Implementation Architecture
Phase 1: Postfix Handles Immediate (0-1 hour)
Configuration
# /etc/postfix/main.cf
maximal_queue_lifetime = 1h # Max 1 hour in queue
bounce_queue_lifetime = 1h # Bounce after 1 hour
minimal_backoff_time = 5m # Retry every 5 min
maximal_backoff_time = 15m # Max retry interval
queue_run_delay = 5m # Check queue every 5 min
What Postfix Handles
- Connection timeouts
- Network glitches
- Temporary DNS issues
- Recipient server temporarily unavailable
- Quick ISP throttling
Typical Retry Pattern
0:00 - Initial attempt fails (4xx)
0:05 - Retry 1
0:10 - Retry 2
0:25 - Retry 3
0:40 - Retry 4
1:00 - Final attempt → If still failing, bounce to app
Result: Most temporary issues resolve within 1 hour.

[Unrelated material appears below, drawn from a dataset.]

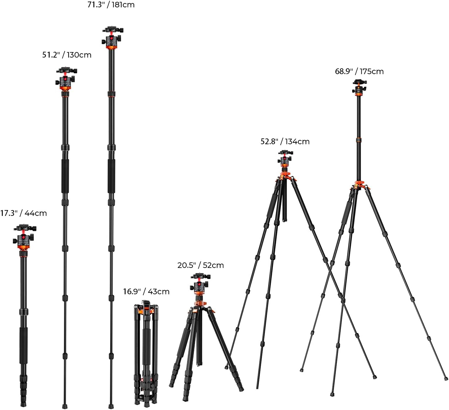 【Compact & Portable】 Quality military magnesium aluminum alloy,corrosion resistance; tripod with ball head weighs only 3.30 lbs/1.5kg, it can be 180°reflexed and folded to 16.9”, easy to put it in a backpack or suitcase when travel.

Phase 2: Application Handles Long-Term (1-72+ hours)
BullMQ Configuration
interface RetryPolicy {
maxDuration: number; // milliseconds
maxAttempts: number;
intervals: number[]; // minutes
}
const retryPolicies: Record<string, RetryPolicy> = {
FREE: {
maxDuration: 24 * 60 * 60 * 1000, // 24 hours
maxAttempts: 5,
intervals: [30, 60, 120, 240, 480] // 30m, 1h, 2h, 4h, 8h
},
PRO: {
maxDuration: 72 * 60 * 60 * 1000, // 72 hours
maxAttempts: 8,
intervals: [30, 60, 120, 240, 480, 960, 1440, 2880]
},
ENTERPRISE: {
maxDuration: 120 * 60 * 60 * 1000, // 5 days
maxAttempts: 12,
intervals: [30, 60, 120, 240, 480, 960, 1440, 2880, 4320, 5760, 8640, 10080]
}
};
Handler Implementation
// When Postfix bounces back after 1 hour
async function handleSoftBounce(message: Message) {
const org = await getOrganization(message.orgId);
const policy = retryPolicies[org.tier];
// Check if we should retry
if (message.retryCount >= policy.maxAttempts) {
return markAsFailedPermanently(message);
}
// Check if max duration exceeded
const timeSinceCreation = Date.now() - message.createdAt.getTime();
if (timeSinceCreation > policy.maxDuration) {
return markAsFailedPermanently(message);
}
// Calculate next retry time
const nextInterval = policy.intervals[message.retryCount];
const delay = nextInterval * 60 * 1000; // Convert to ms
// Add to BullMQ with delay
await emailQueue.add('retry-email', {
messageId: message.id,
attempt: message.retryCount + 1
}, {
delay,
jobId: `retry-${message.id}-${message.retryCount}`,
removeOnComplete: true,
removeOnFail: false
});
// Update status
await prisma.message.update({
where: { id: message.id },
data: {
status: 'RETRYING',
retryCount: message.retryCount + 1,
nextRetryAt: new Date(Date.now() + delay),
lastRetryError: bounceMessage
}
});
// Fire webhook
await fireWebhook(org, {
event: 'email.retry_scheduled',
messageId: message.id,
attempt: message.retryCount + 1,
nextRetryAt: new Date(Date.now() + delay),
reason: 'soft_bounce'
});
}
Comparison: Hybrid vs Alternatives
vs Pure MTA Retry (Postfix only)
| Requirement | Pure MTA | Hybrid |
|---|---|---|
Messages in queue < 1h | ❌ (up to 5 days) | ✅ (max 1 hour) |
| Per-org retry policies | ❌ | ✅ |
| Track retry attempts | ❌ (only via log parsing) | ✅ (database) |
| Fire webhooks on retry | ❌ | ✅ |
| Configurable per tier | ❌ | ✅ |
| Privacy compliant | ❌ (content in queue) | ✅ (1h max) |
| ISP-specific logic | ❌ | ✅ |
Verdict: Pure MTA fails on privacy, features, and differentiation.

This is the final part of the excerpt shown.